During peak-production years, CDS employed about 500 persons. By the end of 1997 it is expected there will be approximately 40 employees - half the current number. Managers hope that changes in production methods will enable CDS to continue many of its products and services cost effectively.
An example of a new cost-saving approach at CDS involves Library of Congress Subject Headings (LCSH), published annually in four volumes. As an economy move, the 19th (1996) edition was released in June only in soft cover. Paper and printing costs had dramatically increased in the previous three years, making the transition to a sturdy, but less expensive, softcover a necessity just to hold prices steady.
Reviewing the uses of LCSH also guided CDS in making this change. When the first edition of LCSH was published in 1914, five years intervened before a second edition was published, and another nine years passed before the third edition was published in 1928. However, beginning in 1989 with the 12th edition, LCSH has been published annually. On analysis, it was clear, the "Big Red Book" had a shorter shelf life than at its inception - a hardback cover was no longer essential.

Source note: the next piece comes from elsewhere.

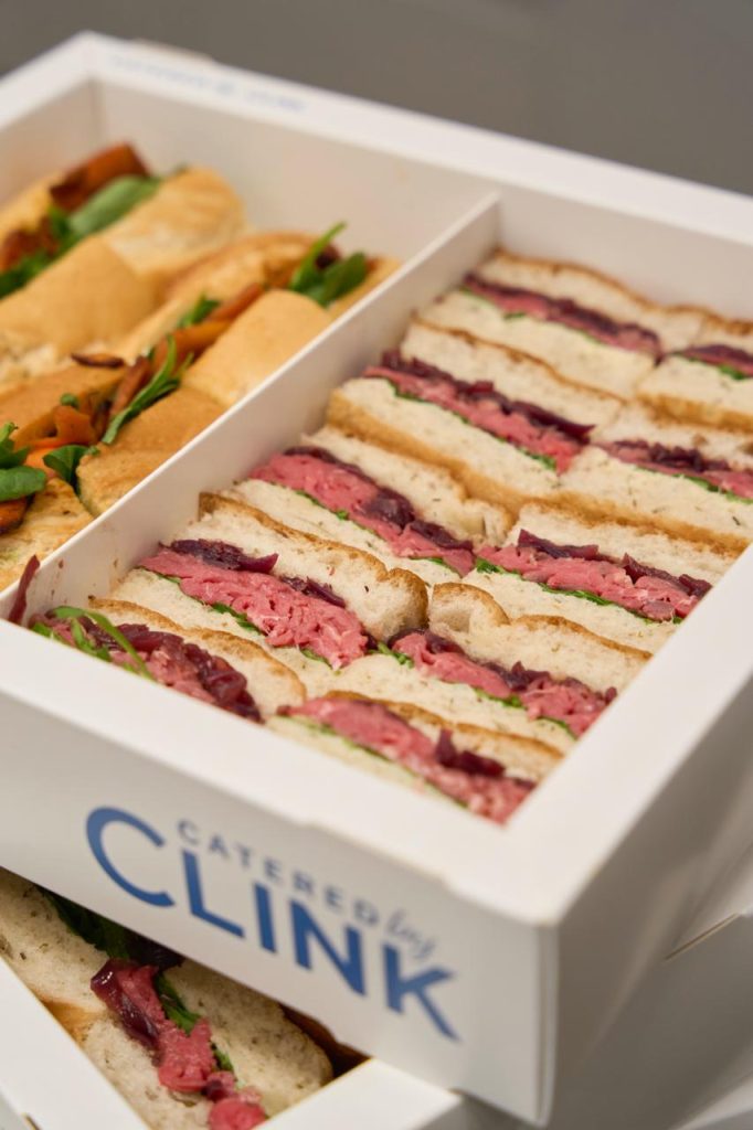 The Catered by Clink catering menu spans breakfast, lunch and canapé boxes, with ready-to-serve pastry platters, finger sandwiches and canapé selections ideal for meetings, events and office gatherings. Office and workplace catering is available for delivery across London and the Home Counties, making the service particularly suited to corporate and professional settings.

"CDS's close look at existing products in light of new materials and technology could produce savings for the Library of Congress and the Library community, generally," Mr. Mason said. Changes in the use of online technology can now speed delivery of source records to customers such as bibliographic utilities, large library systems and commercial vendors. For example, the MARC Distribution Services (MARC records on tape or cartridge) may now be distributed by Internet file transfer protocol (FTP).
One such customer, OCLC, finds this new form of distribution helpful. Martin Dillon, director of OCLC's Library Resources Management Division, said; "Rapid availability of LC records is the surest way to lower library cataloging costs and _ FTP from the Library is a simple and direct way to decrease the time between LC's creation of a record and its use in libraries over OCLC's network."
As CDS continues to analyze its products and services, "we hope to better serve all our constituencies - both within the Library of Congress and in libraries throughout the country and the world," Mr. Mason said.
Patricia Gray is a Program Specialist in Cataloging Distribution Service.